PCC lands Pack catcher

Published 7:37 pm Friday, June 1, 2012

Washington’s Sydney Gurkin (front row, center) signs a National Letter of Intent to play softball at Pitt CC next season. Accompanying Gurkin is her father Zach and sister Mariah (front row, left) and mother Melissa (front row, right), along with (back row, from left) Washington softball coach Doug Whitehead, Pitt CC coach Junior Bailey and Rita Langston. (WDN Photo/Brian Haines)

They say you never get a second chance to make a first impression. With that in mind, former Washington catcher Sydney Gurkin must have made one stellar second impression on Pitt CC softball coach Junior Bailey.
After showing up late for a Bulldogs’ clinic because she had mistaken the start time, Gurkin was still able to win over Bailey and win a scholarship to play for Pitt CC next season.
“She came to our first clinic about an hour late because she had the wrong time, but she came out and worked really hard from that point on,” Bailey said. “She was very persistent … She came (to the workout) and was a good catcher.
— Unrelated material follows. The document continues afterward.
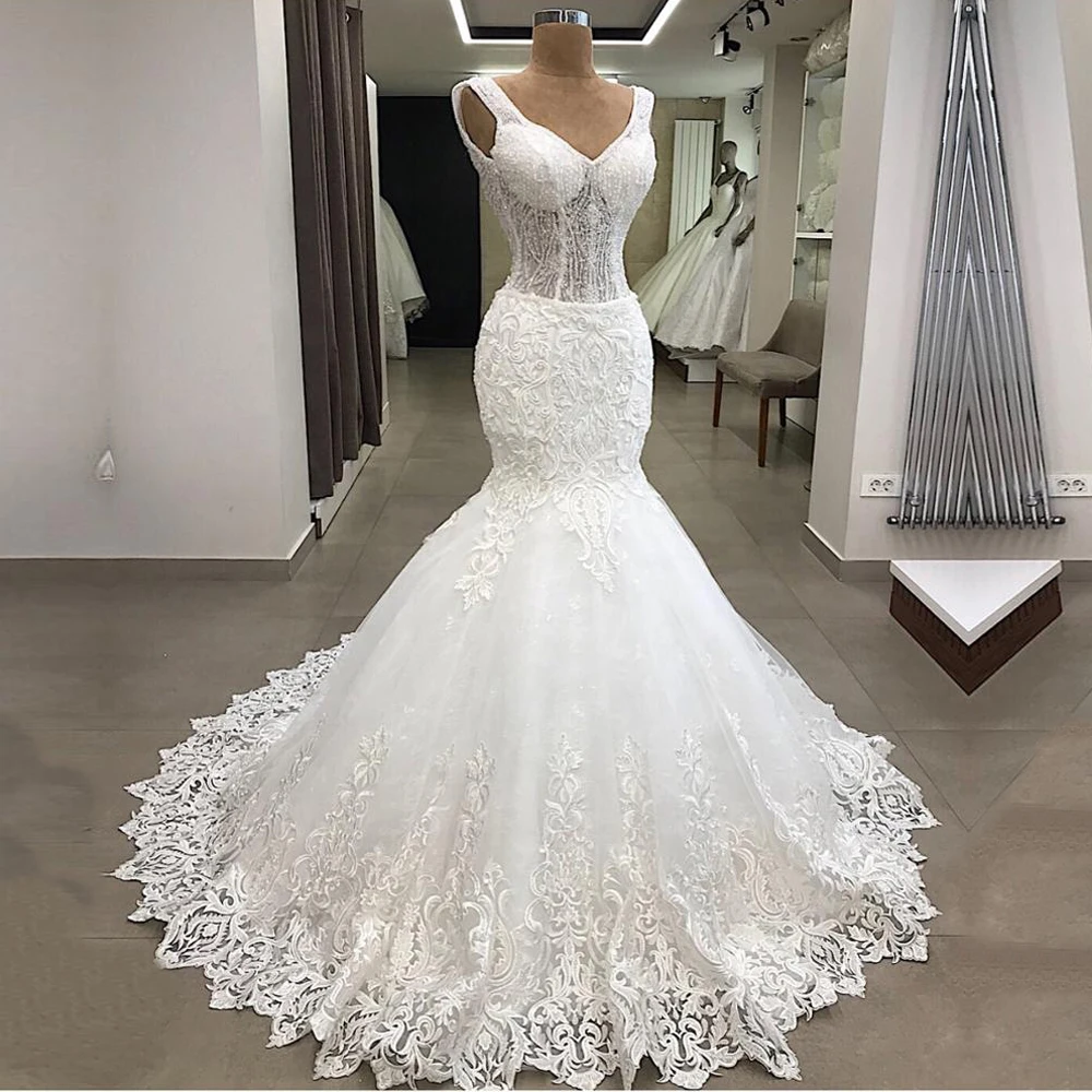 Женское свадебное платье, с V-образным вырезом и длинным шлейфом, украшенное кристаллами, размера плюс

She’s a good utility player as well, she swings a good bat and has good speed.”
Gurkin, who has played on the Pam Pack varsity team for the past three seasons as a catcher and third baseman, said Pitt CC was the perfect choice for her, and not just because of its strong softball program.
“I’m excited because I get to play ball after high school,” Gurkin said. “And I have always really wanted to go to Pitt because of its occupational therapy program.”
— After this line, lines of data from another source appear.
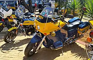 The secondary transmission was a cardan shaft on mono cantilever scales, the brakes were double disc in the front and single disc in the rear. The front suspension had common telescopic forks, but the rear was carried by a single spring and shock absorber assembly, a large monocoque was installed in a diagonal position, attached to the inner part of the frame at the front and to the rear scale.
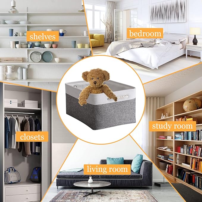 • LARGE STORAGE BIN & PROFESSIONALLY & PRACTICAL - 15.7L×11.8W×8.3H, can be used as storage baskets for shelves,closet storage bins, linen closet organizer,nursery basket storage,laundry baskets, bathroom towel storage,also can organizing baby Stuff,clothing, kid’s ,pet products, laundry, towel, bedsheet,sport gears,suitable use in bedroom, living room,study room,rest room,bathroom, kitchen,office,shelf,closet and cabinets. excellent choice for keeping your space nice,tidy and organized
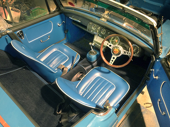 Full interior remade entirely by us, including making patterns for the original Mk2 seats, dashboard re crackle finished too |

Gurkin’s scholarship and choice of school also made her parents, Melissa and Zach Gurkin, proud and pleased.
“I’m extremely happy,” Melissa said. “I’m glad that she’s going to play ball and go to school and it’s at the school she wanted to do both at.”
“I’m happy as long as she’s happy,” Zach said. “That’s what’s important to me.”
During her time with the Pam Pack Gurkin has shown tremendous athleticism and the ability to play several positions. At the plate Gurkin has been just as versatile as she batted at numerous spots in the Pack lineup. Bailey views Gurkin’s flexibility, combined with the knowledge of the game she has acquired from years of catching, as a tremendous asset.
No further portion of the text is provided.